+1443 There are five unmarked envelopes on a table, each with a letter for a different person. If the mail is randomly distributed to these five people, with each person getting one letter, what is the probability that everyone gets the correct piece of mail?
+129852 I think this might be correct......but maybe someone else has a better solution
Call the set of people A B C D E
And call the set of the pieces of mail A B C D E in that order
Note that there are 5! different "words" that can be formed by the set of letters in the first set
But....only one of these, ABCDE, matches the second set
So....the probability that they all get the correct pieces of mail is 1 / 120
+118677 Thanks Chris, I believe your answer is correct but I'd like to talk about it a different way.

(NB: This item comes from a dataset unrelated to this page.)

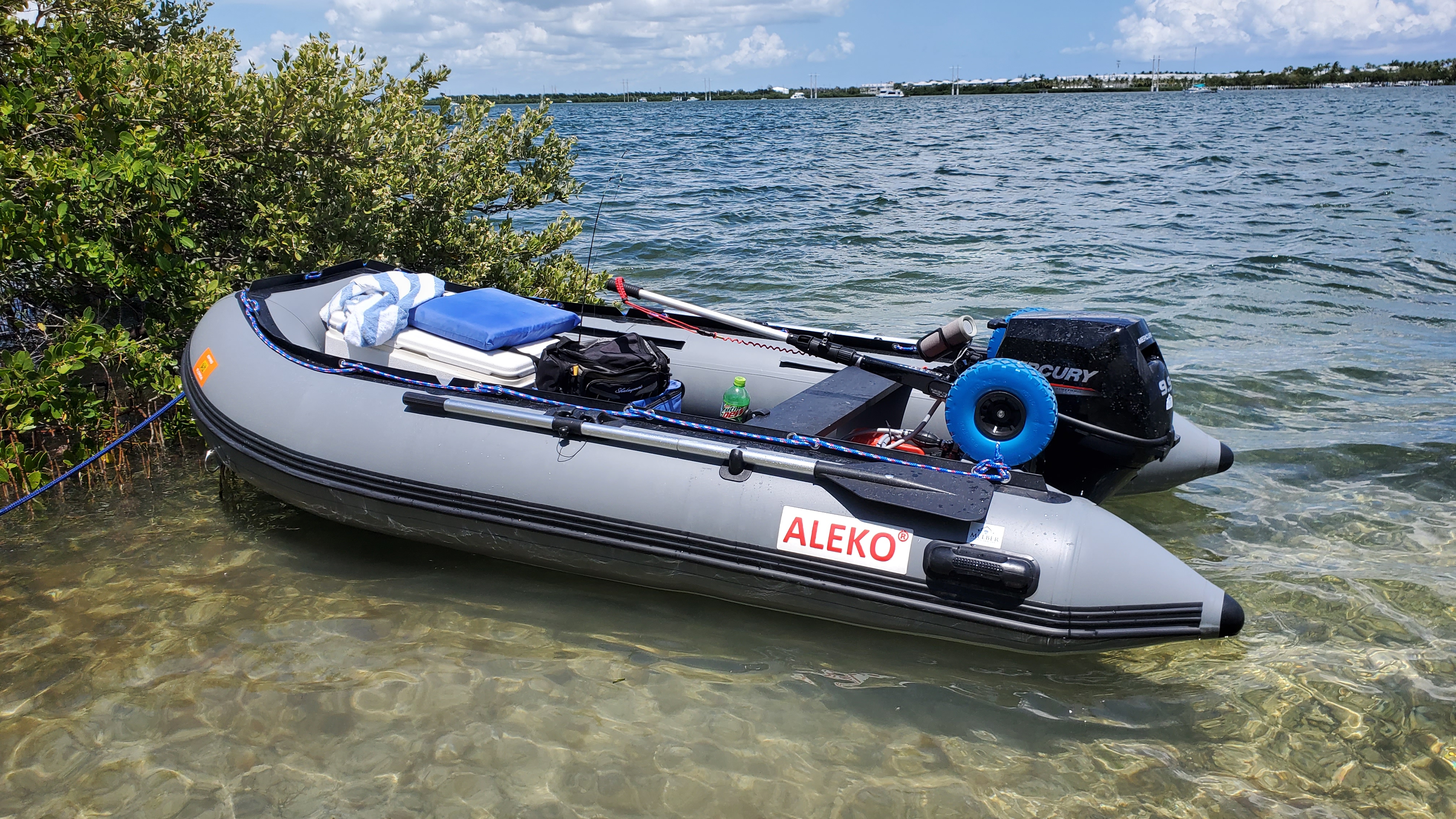 Our 8.4 ft (2.6 m) Inflatable Boats with Aluminum Floor are high performance, heavy duty salt and freshwater inflatable sport dinghy tender boats. Can handle both 2 or 4 stroke motors. ALEKO inflatable boats are perfect for sport, fishing, diving trips, river rafting, family adventure vacations, and have been used by coast guard. Boat is tested and designed for both 15" (38.1 cm) short shaft outboards and 20" (51 cm) long shaft. Terrific value and fast shipping! Boat is 1.2 mm polyester reinforced and anti-corrosive coated PVC. Comes with: Aluminum Flooring Set, 1 bench seat, 2 aluminum oars, tie-down straps for battery boxes and gas tanks (battery box and gas tanks not included), carrying & storage bag, foot pump, one way drain plug, towing D-rings, 4 mounted carrying handles, oar locks and oar holders, pre-packed repair kit (GLUE IS NOT INCLUDED) and splash guards.

Let the people form a line and the envelopes are on the table.
The first person has a 1 in 5 chance of selecting the right letter. (He selects the correct one)
Now there are 4 on the table so the second person has a 1 in 4 chance of getting the right one (He selects the correct one)
Now there are 3on the table so the second person has a 1 in 3 chance of getting the right one (He selects the correct one)
and so on
so
P(everyone getting the correct letter) = \(\frac{1}{5}\times \frac{1}{4}\times \frac{1}{3}\times \frac{1}{2}\times \frac{1}{1}=\frac{1}{5!}=\frac{1}{120}\)